FATF publishes recommendations on fighting ransomware-related money laundering

Ransomware is an increasingly common cyber threat due to its highly lucrative nature. This had led to the Financial Action Task Force (FATF) publishing a list of recommendations in order to fight this type of financial cybercrime.

The way a ransomware attack occurs, is when an attacker gains access to a victim’s device, which allows them to establish control and insert malicious software capable of encrypting files. The attacker is also capable of taking copies of the data.

When the malicious software activates, it can lock the device, and encrypt all sensitive data, making it impossible to access. By the time the victim notices what has happened, they receive a digital message through the locked device from the criminals, explaining what they want in exchange to returning access to the victim’s device in exchange for not leaking the data they have copied.

Usually, criminals who engage in ransomware demand payment in cryptocurrency, to ensure there are no traces linking to them. Nefariously, they can also decide not to return access to the device even when they receive payment.

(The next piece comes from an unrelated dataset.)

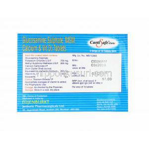 | 有効成分 | グルコサミン硫酸カリウム塩化カリウム/ メチルスルホニルメタン/ 炭酸カルシウム/ ビタミンD3, Glucosamine Sulphate Potassium Chloride/ Methyl Sulphonyl Methane/ Calcium Carbonate/ Vitamin D3 |

A survey conducted by cybersecurity experts in 2021 indicated that out of 820 businesses, 21 per cent had fallen victim to a ransomware attack.

A memorable incident happened that year in Malta when the Nationalist Party fell victim to a ransomware cyber attack, which led to hackers threatening to leak valuable documents unless the party agreed to ‘communicate and cooperate’.

According to Acronis, a Swiss-based cybersecurity firm, damages from global ransomware attacks are expected to exceed $30 billion (€27.8 billion) by the end of 2023. The banking and finance sector are considered the most at-risk sector to ransomware attacks.

In its report, the FATF states that attacks have become increasingly sophisticated, which increases their profitability and the likelihood of success. It also notes that ransomware attacks are generally underreported, due to their negative impact on a business or due to fear of retaliation by the hackers.

The lack of reporting, the FATF notes, partly explains the lack of experience in investigating money laundering related to ransomware, so it urged jurisdictions to increase and enhance sources of detection and reporting. In so doing, they would be more capable of developing the necessary tools and skills to effectively trace and recover virtual assets.

Ransomware criminals utilise the international nature of virtual assets such as bitcoin to facilitate large-scale rapid transactions, which can be done without the involvement of traditional financial institutions which do have anti-money laundering and counter-terrorist financing (AML/CFT) programs in place.

They also complicate matters further by using anonymity-enhancing technologies, techniques and tokens in the laundering process, such as anonymity-enhanced cryptocurrencies and mixers, according to the FATF.

To strengthen the global response against ransomware and related money laundering, the FATF proposed a list of actions.

One of the proposed actions was to implement relevant FATF standards, including those on the virtual asset service provider (VASP) sector to weaken the criminals’ ability to use financial institutions without AML/CFT rules in place in that jurisdiction.

Another was to promote financial investigations and asset recovery efforts, which would require developing relevant specialised skills and expertise to successfully investigate ransomware cases.

Furthermore, when it came to tackling ransomware, it urged jurisdictions to identify and assess money laundering risks posed by ransomware in their national risk assessment, since criminal groups can operate in a decentralised manner, from any jurisdiction.

It also urged jurisdictions to identify and establish mechanisms to allow public sector cooperation with the private sector, since private sector actors such as VASPs, and other non-traditional partners, may provide useful insights and expertise that the public sector does not have.

Lastly, the FATF urged for the improvement of international cooperation, which would include the effective use of bilateral, regional and multilateral mechanisms, such as liaison offices and 24/7 contact points, to improve cross-border fund tracing and facilitate asset recovery. In so doing it could enable authorities to engage in dismantling transnational networks engaged in ransomware and money laundering.

The Government of Malta has demonstrated commitment to addressing shortcomings in the country’s cybersecurity infrastructure. In 2021, the Government announced the establishment of a national cybersecurity centre, and earlier this year it announced a couple of schemes to support the cybersecurity efforts of businesses.